Description of the task ▸ All of the data must be output exactly, with every picture left out.

Information shown ▸
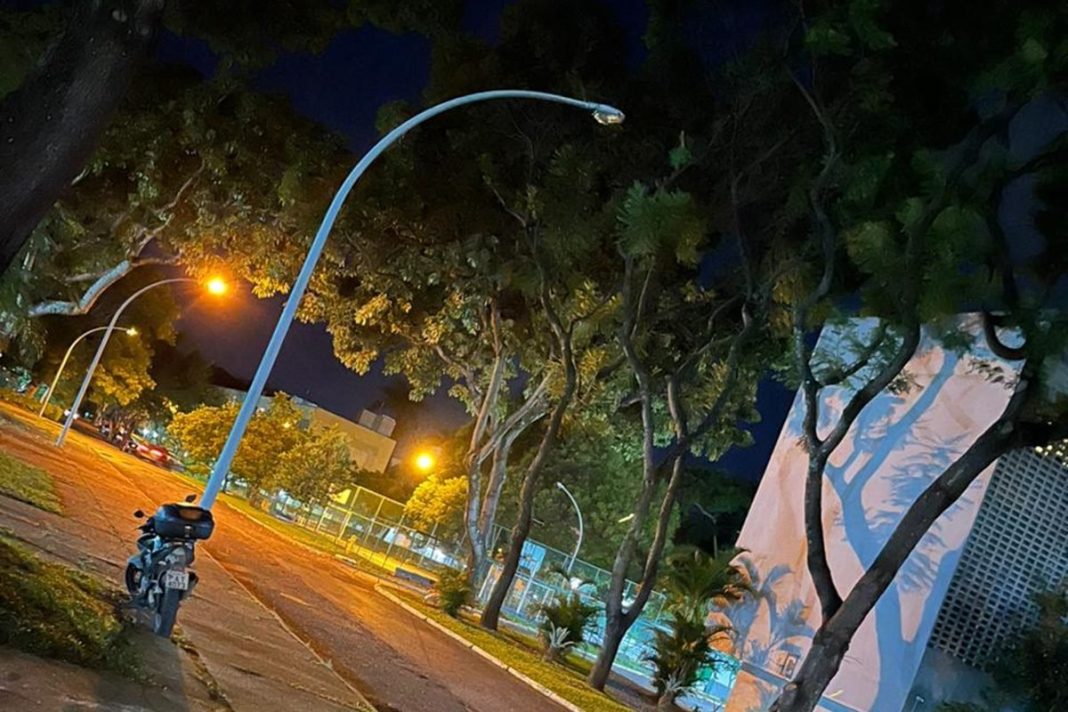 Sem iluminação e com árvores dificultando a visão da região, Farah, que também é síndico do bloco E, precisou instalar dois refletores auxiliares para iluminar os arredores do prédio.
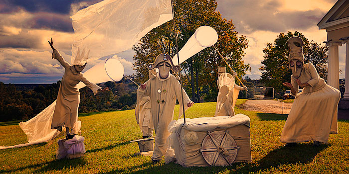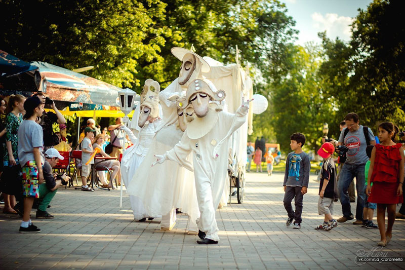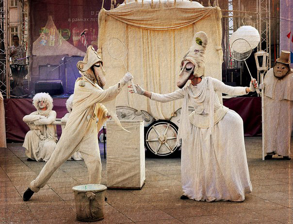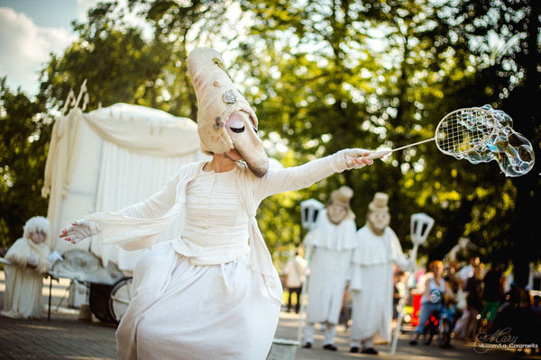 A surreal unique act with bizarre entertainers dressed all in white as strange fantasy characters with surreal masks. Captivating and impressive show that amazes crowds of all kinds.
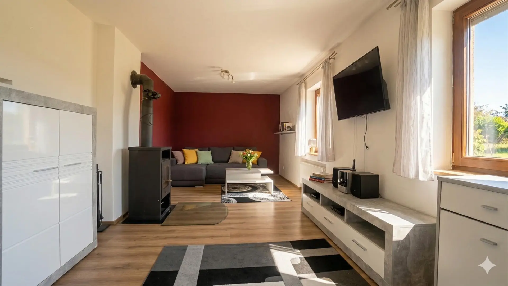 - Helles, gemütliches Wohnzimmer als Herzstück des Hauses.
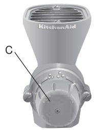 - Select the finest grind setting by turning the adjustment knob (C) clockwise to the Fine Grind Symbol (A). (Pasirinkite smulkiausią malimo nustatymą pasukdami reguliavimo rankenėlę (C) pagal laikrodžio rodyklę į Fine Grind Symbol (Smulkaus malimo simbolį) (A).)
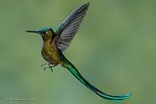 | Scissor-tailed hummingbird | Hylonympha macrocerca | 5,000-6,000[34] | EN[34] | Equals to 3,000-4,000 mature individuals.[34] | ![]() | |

Reply to the task ▸
 Sem iluminação e com árvores dificultando a visão da região, Farah, que também é síndico do bloco E, precisou instalar dois refletores auxiliares para iluminar os arredores do prédio.
 A surreal unique act with bizarre entertainers dressed all in white as strange fantasy characters with surreal masks. Captivating and impressive show that amazes crowds of all kinds.
 - Helles, gemütliches Wohnzimmer als Herzstück des Hauses.
 - Select the finest grind setting by turning the adjustment knob (C) clockwise to the Fine Grind Symbol (A). (Pasirinkite smulkiausią malimo nustatymą pasukdami reguliavimo rankenėlę (C) pagal laikrodžio rodyklę į Fine Grind Symbol (Smulkaus malimo simbolį) (A).)
 | Scissor-tailed hummingbird | Hylonympha macrocerca | 5,000-6,000[34] | EN[34] | Equals to 3,000-4,000 mature individuals.[34] | ![]() | |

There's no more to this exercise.